La respuesta te acercará al modelo correcto.
Una plantilla simple para planificar tu artículo
Antes de escribir, puedes completar esta plantilla:
Tema: ¿Sobre qué voy a escribir?
Público: ¿Quién necesita leer esto?
Problema o necesidad: ¿Qué duda, problema o interés tiene esa persona?
Promesa del artículo: ¿Qué va a aprender, resolver o decidir al leerlo?
Estructura elegida: ¿Qué modelo usaré?
Subtítulos: ¿Cuáles serán las partes del artículo?

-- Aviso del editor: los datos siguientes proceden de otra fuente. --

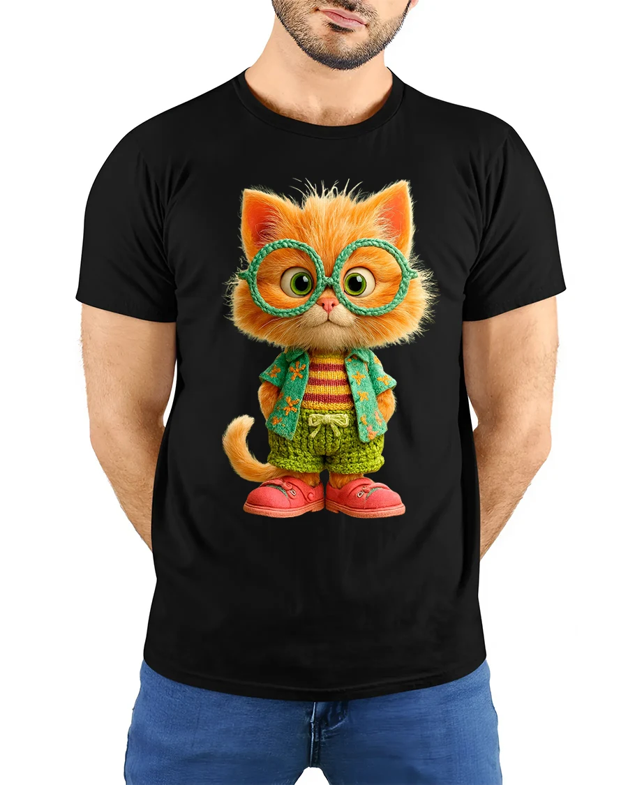 Wearing the Cute Kitten Glasses Tee with Colorful Outfit and Adorable Art adds instant joy to your day. Whether you love expressive animal illustrations or enjoy wearing unique and cheerful designs, this tee delivers warmth and whimsy with every look. The cute expression, big sparkling eyes, and cozy outfit create a heartwarming visual that appeals to all ages and makes the tee an uplifting style choice.
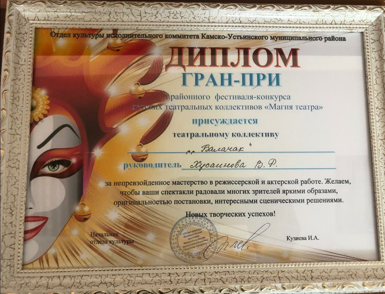 12 марта в Доме культуры с. Теньки прошёл районный фестиваль-конкурс детских театральных коллективов "Магия театра". Школьный театр "Балачак" под руководством учителя татарского языка и литературы Хусаиновой В. Р. выступил успешно. Ученица 8 класса Ахметзянова А. прочитала монолог из спектакля 'Сүнгән йолдызлар".Поздравляем Алию и Венеру Рустамовну с Гран -при и желаем им дальнейших успехов.
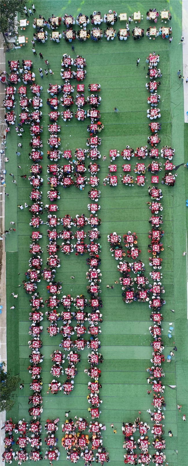 宴席菜肴是當(dāng)?shù)刈罡咭?guī)格的喜宴——欒川八大碗,色香味俱全,260桌宴席拼成巨大的“謝”字,很是壯觀。
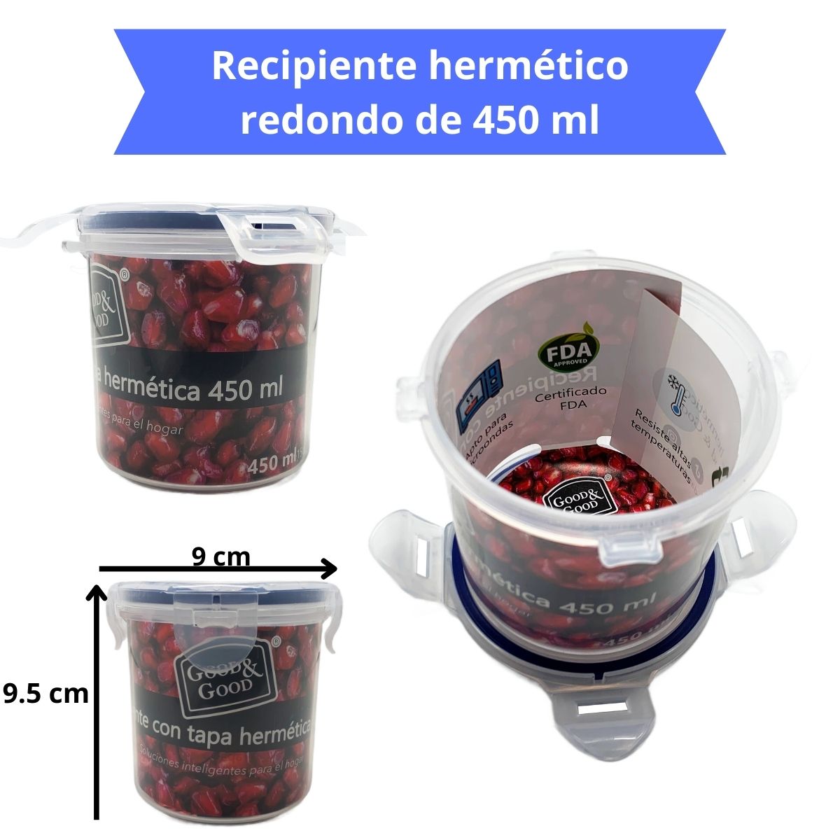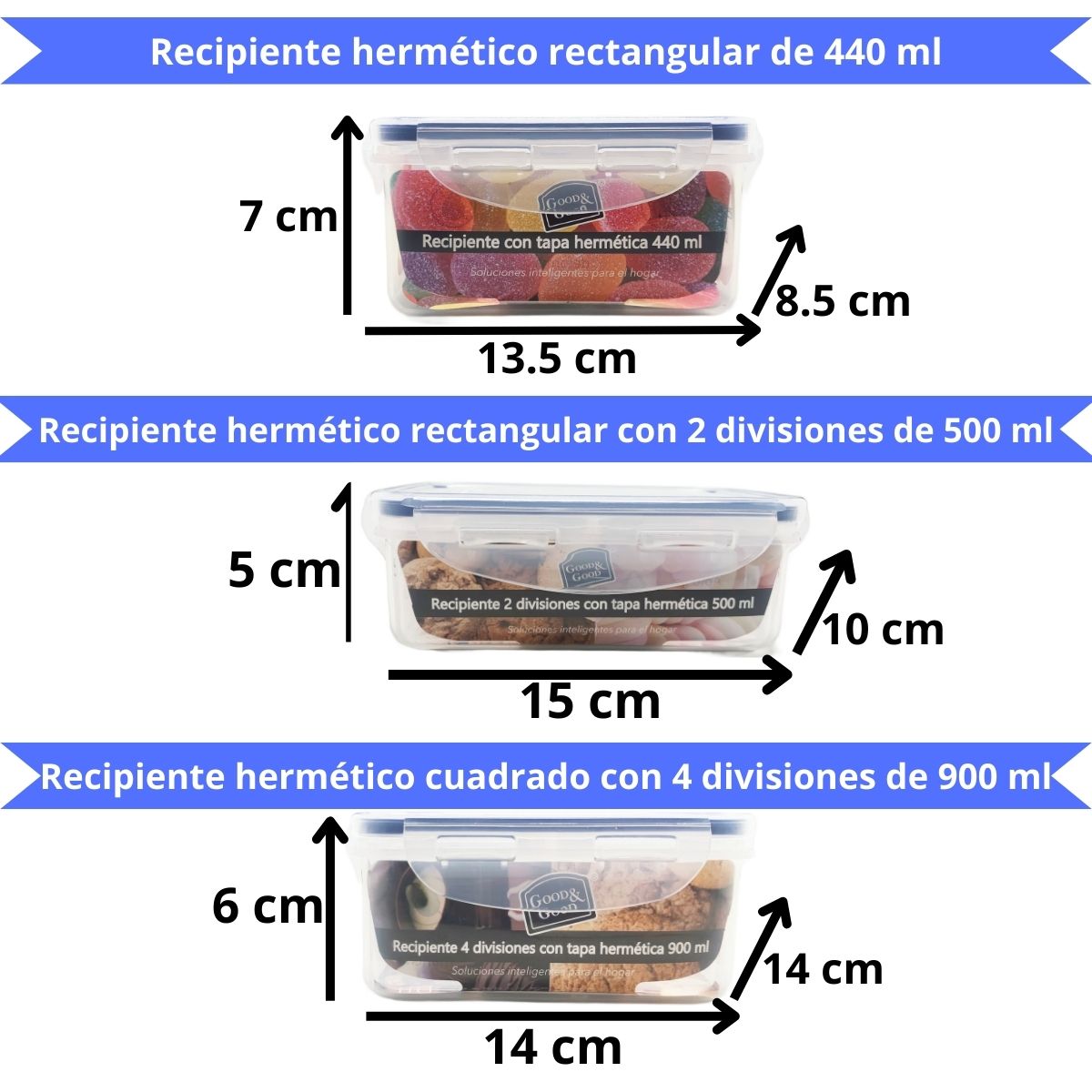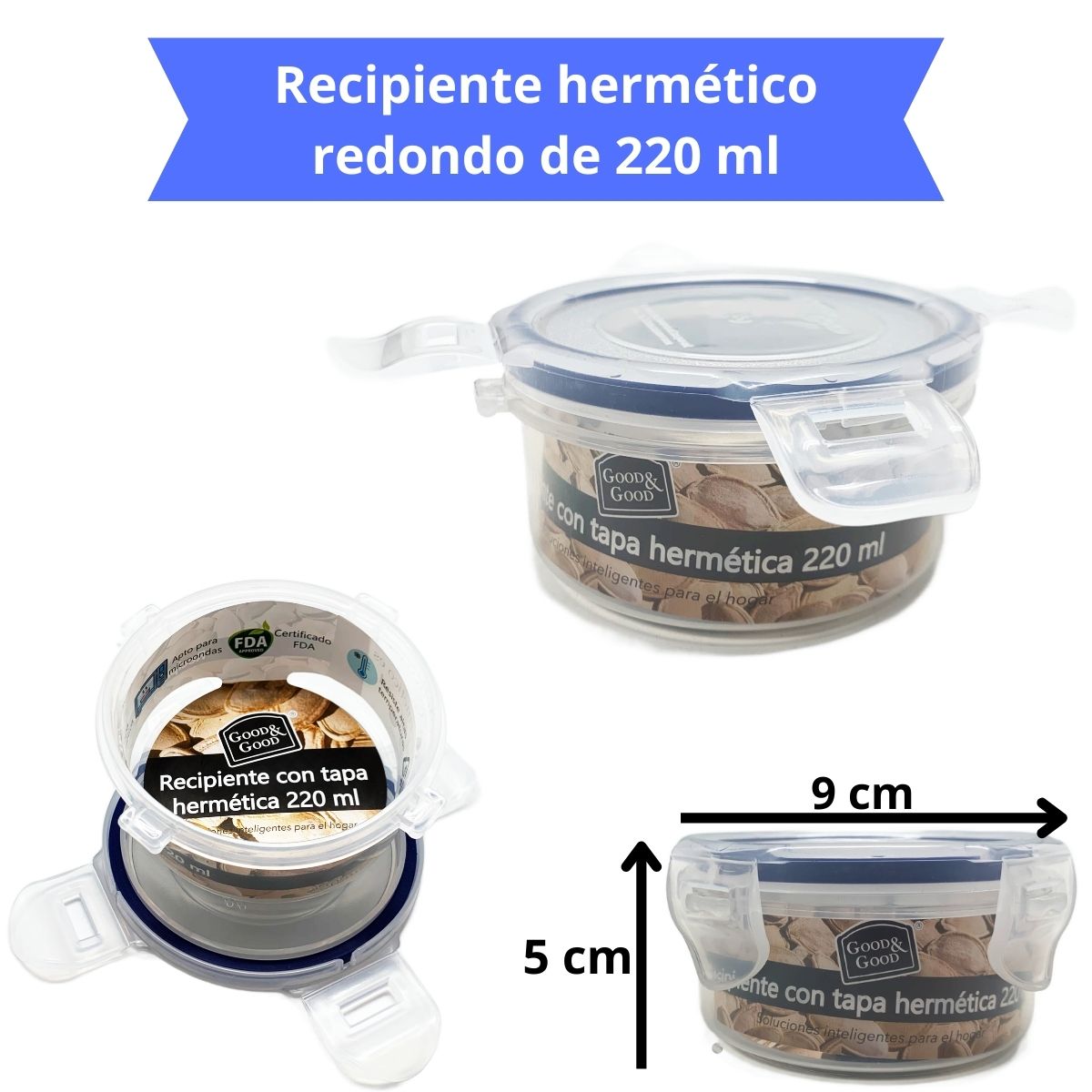 Estos contenedores transparentes te permiten ver fácilmente el contenido sin necesidad de abrirlos, mientras que sus tapas azules con cierre hermético aseguran que los alimentos se mantengan frescos y sin derrames. La marca 'Good & Good' se destaca por ofrecer 'Soluciones inteligentes para el hogar', brindándote productos prácticos y funcionales para organizar tu cocina.
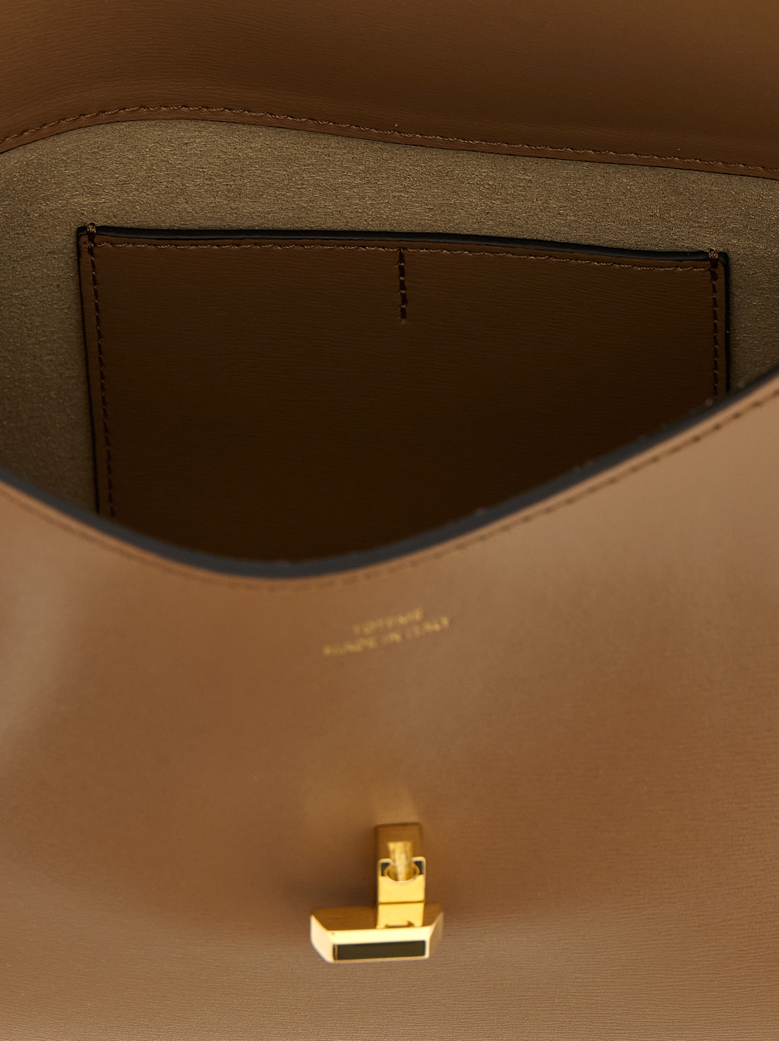 'T-Lock Leather' slightly Palmellatta leather clutch Textured, flap closure with metal spin, adjustable and removable shoulder strap, metal details.
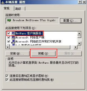 特殊情况在本地连接内没有找到netware客户服务端的可以点添加先安装netware客户服务端,然后再卸载会提示几次重启,点"否"。
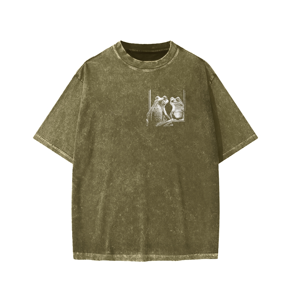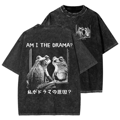 Am I The Drama Japanese Funny Frog Front And Back Printing Washed T-shirt
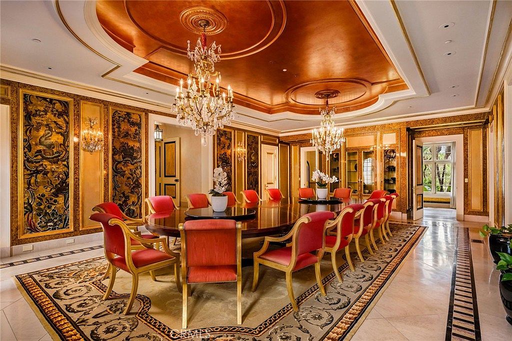 Opulent and inviting, this formal dining room is designed for grand family gatherings and elegant entertaining. The oval table is surrounded by plush scarlet chairs with gilded frames that add a regal touch. Ornate golden moldings and exquisite painted panels adorn the walls, complemented by two dazzling crystal chandeliers, enhancing the sense of luxury. A neutral-toned rug anchors the space, while tall doors offer seamless access to adjacent rooms and views of lush greenery. The warm bronze ceiling adds depth and drama, while natural light, architectural columns, and tasteful indoor plants complete the welcoming and sophisticated atmosphere.
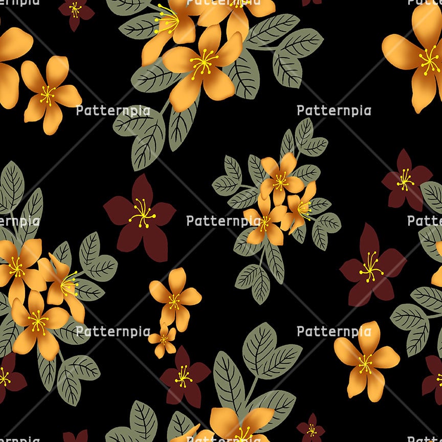 Elegant amber and maroon blossoms on a black ground.

Ejemplo o caso: ¿Qué situación concreta usaré para explicar mejor?
Cierre: ¿Qué idea final debe recordar el lector?
Esta plantilla parece simple, pero evita uno de los errores más frecuentes: empezar a escribir sin saber hacia dónde va el texto.
Cuando tienes claro el público, el problema, la promesa y la estructura, escribir se vuelve mucho más fácil. No porque el texto se escriba solo, sino porque ya sabes qué camino debe seguir.
Para empezar, no uses las 12 estructuras
Aunque existen muchas formas de ordenar un artículo, no conviene empezar usando todas. Si estás enseñando a estudiantes o si estás formando a personas que todavía tienen dificultades para redactar textos largos, es mejor trabajar primero con pocas estructuras.
Una buena selección inicial sería:
Problema, causa, solución.
Pregunta-respuesta.
Paso a paso.
Errores comunes.
Caso de ejemplo.
Estas cinco estructuras son fáciles de entender, se adaptan a muchos temas y reducen bastante el bloqueo de la hoja en blanco.
Luego, cuando la persona gane confianza, puede probar estructuras más específicas como comparativa, mitos y verdades, decisión, pirámide invertida o diagnóstico, análisis y recomendación.
Escribir mejor empieza antes de escribir
Un buen artículo no nace solo de tener información. Nace de saber organizarla.
Por eso, antes de preocuparte por sonar creativo, parecer experto o escribir una introducción brillante, conviene hacer una pregunta más básica:
¿Qué estructura necesita este texto para que el lector pueda entenderlo mejor?
Con eso, ya tenemos un excelente punto de inicio.